Looks simple enough ;).

poire-z commented 1 year ago

I've been testing some other optimisations to the initial opening/loading of a document. On a big EPUB with 3000 DocFragements, on my emulator. Loading times (rendering stays at 5s):

17.1 seconds before any optimisation
14.4 seconds when not using (in epubfmt.cpp) 3000 times doc->nodeFromXPath(lString32("package/manifest/item[") << fmt::decimal(i) << "]") but just iterating the children of "package/manifest/"
13.9 seconds by additionally enhancing LVContainer to use a LVHashTable(name, idx) instead of iterating all the indexes and comparing strings
11.5 seconds by additionally including this PR so, it's nice :)

poire-z commented 1 year ago

I intend to make more performance patches, maybe we can discuss then on a case by case basis.

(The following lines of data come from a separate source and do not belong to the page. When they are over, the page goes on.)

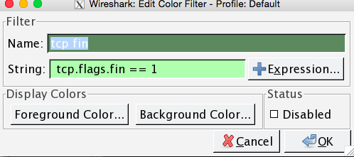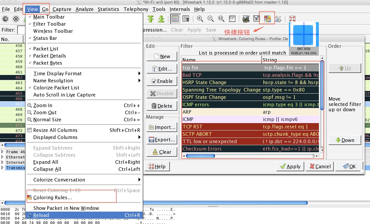 wireshark使用著色規則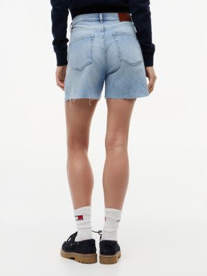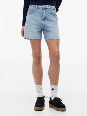 Channel a retro vibe with these mom-fit denim shorts, finished with raw hems and authentic fading for a toughened edge.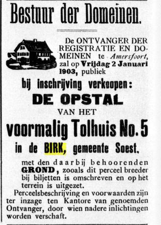Verkoop Tolhuis 5 op de Birk, december 1902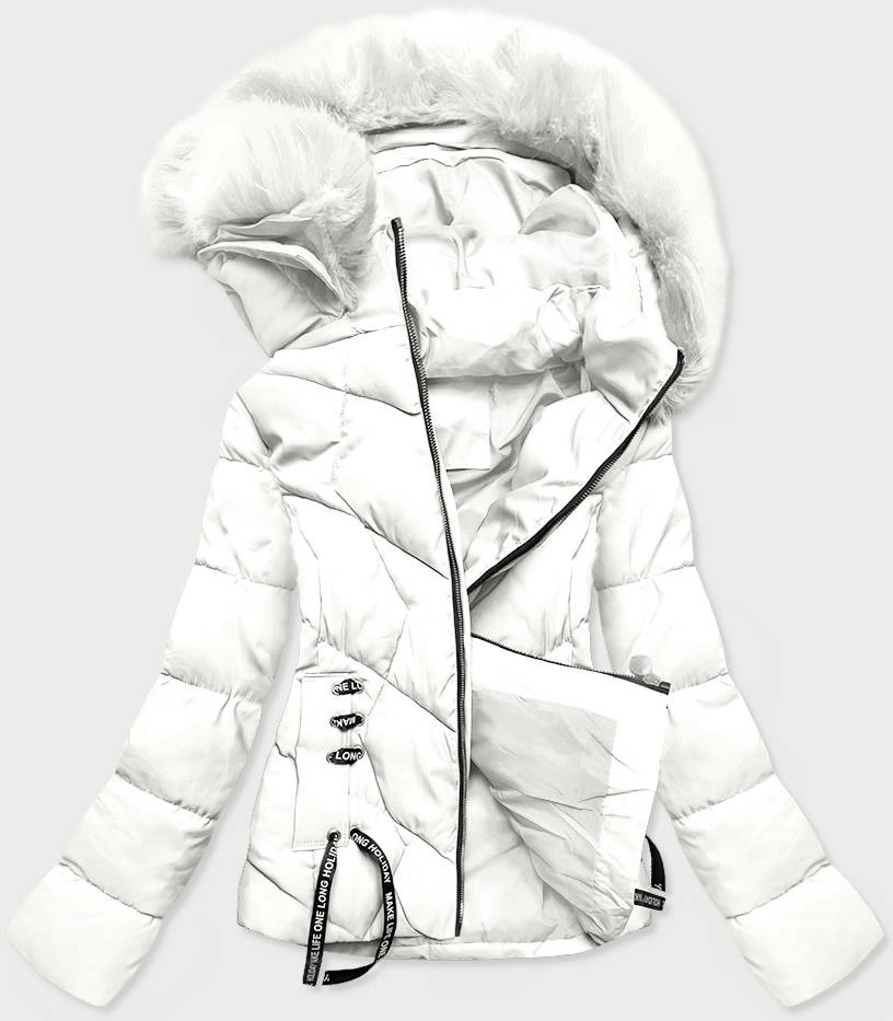 DAMSKA KRÓTKA KURTKA ZIMOWA Z KAPTUREM BIAŁA (H1021-82)

Sure, feel free to discuss your thoughts, intutions and experiments about where we could do better. You seem confortable with performance analysis tools, so you may see stuff where I never looked at :) But my feeling everytime I wonder if adding a if (check) could add some performance penalty is that what I do in lvrend/lvtext is peanuts vs. what's happening in FreeType/Harfbuzz when rendering a glyph or shaping text :) (Would you be able to quantify that ? The % of time spent in these libraries vs. the time spend in crengine own code?)

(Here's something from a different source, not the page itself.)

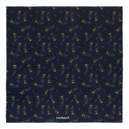 Свежий и женственный шёлковый платок с темно-синим цветочным принтом, фукцией и белым цветочным принтом, выполненный в стиле Джиада на 100%.

So, it feels the easiest stuff we could do is by using caches (like you did here) - and crengine already does a lot of that (caching glyphs, caching formatted paragraphs...).

BTW, skimming through LVFormatter, there doesn't seem to be much low hanging fruit :(

Indeed. I remember I added some light_formatting toggle to skip some stuff that we don't really need when doing a full rendering. https://github.com/koreader/crengine/blob/4de8f9d030ab001a6a3e5da654f6af7a20ad12d2/crengine/src/lvtextfm.cpp#L3002-L3016 I think there is still some bits that could be skipped - but I haven't yet gone at thinking about it all... and I have no idea how much cpu time it would save, and if its worth the time and risk. (I don't expect you to go at that :) it feels there are many cases to think about - and so, to become familiar with beforehand - like floats, inlineboxes, bidi/RTL... and be sure they won't be impacted...).

Btw, I have 2 optimisations I just have to finish and cleanup - so no need to work on them if you spotted them :):

some optimisation to LVContainer to not have to iterate all items and compare their names - but use a hash<name, index>
limit the uses of the slow doc->nodeFromXPath() in epubfmt.cpp , and iterate children instead of calling this many times

I'll merge this PR later today - and may be I'll wait a few days to bump it into koreader frontend, hoping I can finish my small optmisations to bring them in with the bump.

bbshelper commented 1 year ago

But my feeling everytime I wonder if adding a if (check) could add some performance penalty is that what I do in lvrend/lvtext is peanuts vs. what's happening in FreeType/Harfbuzz when rendering a glyph or shaping text :) (Would you be able to quantify that ? The % of time spent in these libraries vs. the time spend in crengine own code?)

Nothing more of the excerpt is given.